§ **Work required**: Your output must be the lines below from the line containing "1980年2月23日至29日" to the line containing "Calling the AddDetailList", both lines included, reproduced exactly and without pictures.

§ **Given records**:

────────────────────

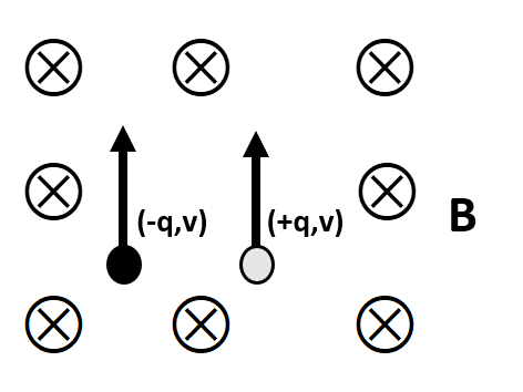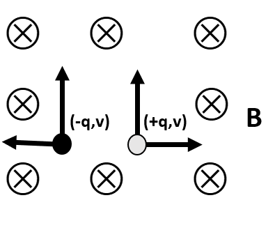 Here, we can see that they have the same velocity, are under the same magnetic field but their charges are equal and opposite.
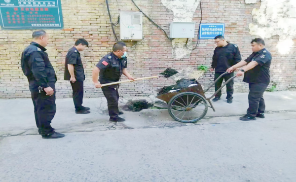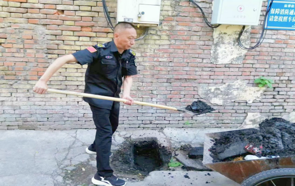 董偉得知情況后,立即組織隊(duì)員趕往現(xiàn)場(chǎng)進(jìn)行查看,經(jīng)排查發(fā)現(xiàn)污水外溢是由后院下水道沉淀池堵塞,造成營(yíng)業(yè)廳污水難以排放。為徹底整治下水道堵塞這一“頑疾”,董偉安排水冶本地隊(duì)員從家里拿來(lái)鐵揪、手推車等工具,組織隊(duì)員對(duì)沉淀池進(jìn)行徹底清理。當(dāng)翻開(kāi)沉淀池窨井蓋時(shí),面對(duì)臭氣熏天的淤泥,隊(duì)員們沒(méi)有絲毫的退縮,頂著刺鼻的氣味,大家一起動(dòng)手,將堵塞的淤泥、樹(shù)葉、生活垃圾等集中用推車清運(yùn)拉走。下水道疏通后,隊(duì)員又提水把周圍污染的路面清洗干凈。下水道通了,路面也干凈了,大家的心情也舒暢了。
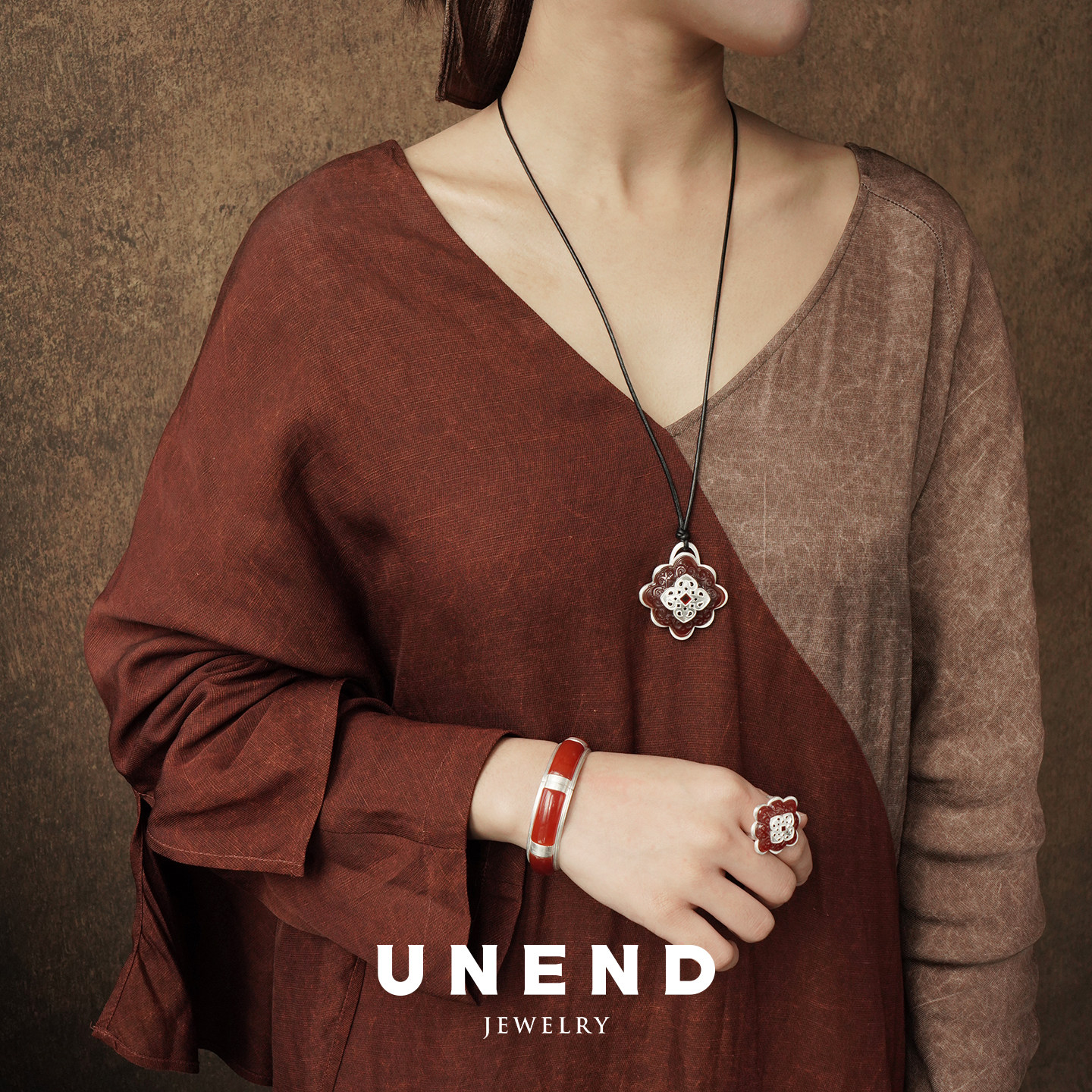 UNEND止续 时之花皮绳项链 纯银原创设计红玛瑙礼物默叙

────────────────────

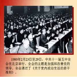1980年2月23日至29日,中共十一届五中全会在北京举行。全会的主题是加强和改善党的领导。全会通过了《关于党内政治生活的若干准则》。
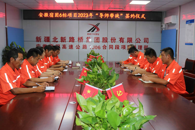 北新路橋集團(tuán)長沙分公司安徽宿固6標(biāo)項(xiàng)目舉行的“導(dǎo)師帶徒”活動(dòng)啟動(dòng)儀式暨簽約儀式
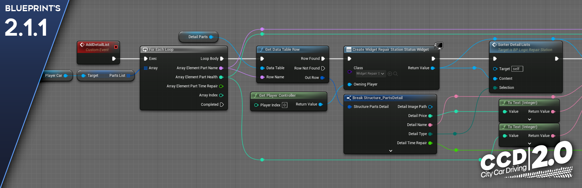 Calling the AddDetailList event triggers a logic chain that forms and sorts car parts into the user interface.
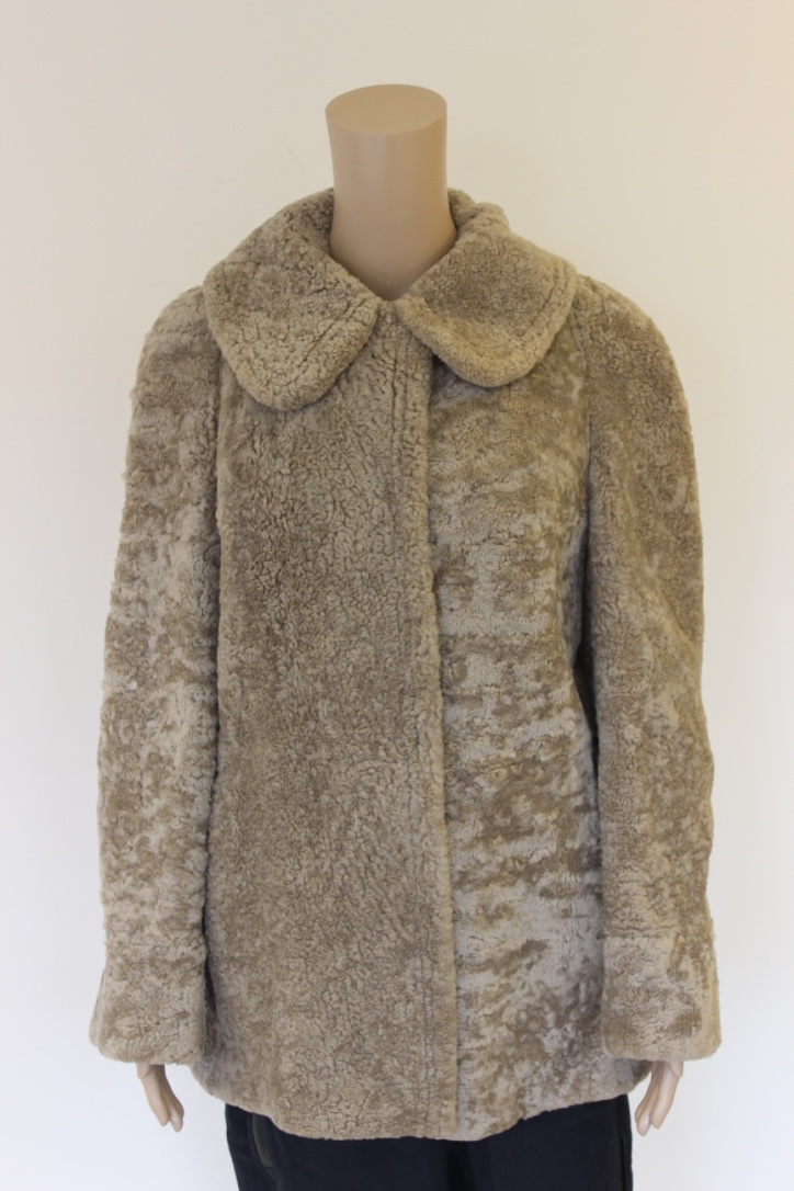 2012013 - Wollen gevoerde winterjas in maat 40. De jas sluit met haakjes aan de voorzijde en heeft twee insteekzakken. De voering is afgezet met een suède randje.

────────────────────

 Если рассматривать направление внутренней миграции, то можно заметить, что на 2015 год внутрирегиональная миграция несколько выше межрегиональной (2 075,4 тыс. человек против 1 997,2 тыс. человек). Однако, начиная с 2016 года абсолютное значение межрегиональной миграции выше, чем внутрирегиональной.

────────────────────

§ **Reply to the exercise**:
1980年2月23日至29日,中共十一届五中全会在北京举行。全会的主题是加强和改善党的领导。全会通过了《关于党内政治生活的若干准则》。
 北新路橋集團(tuán)長沙分公司安徽宿固6標(biāo)項(xiàng)目舉行的“導(dǎo)師帶徒”活動(dòng)啟動(dòng)儀式暨簽約儀式
 Calling the AddDetailList event triggers a logic chain that forms and sorts car parts into the user interface.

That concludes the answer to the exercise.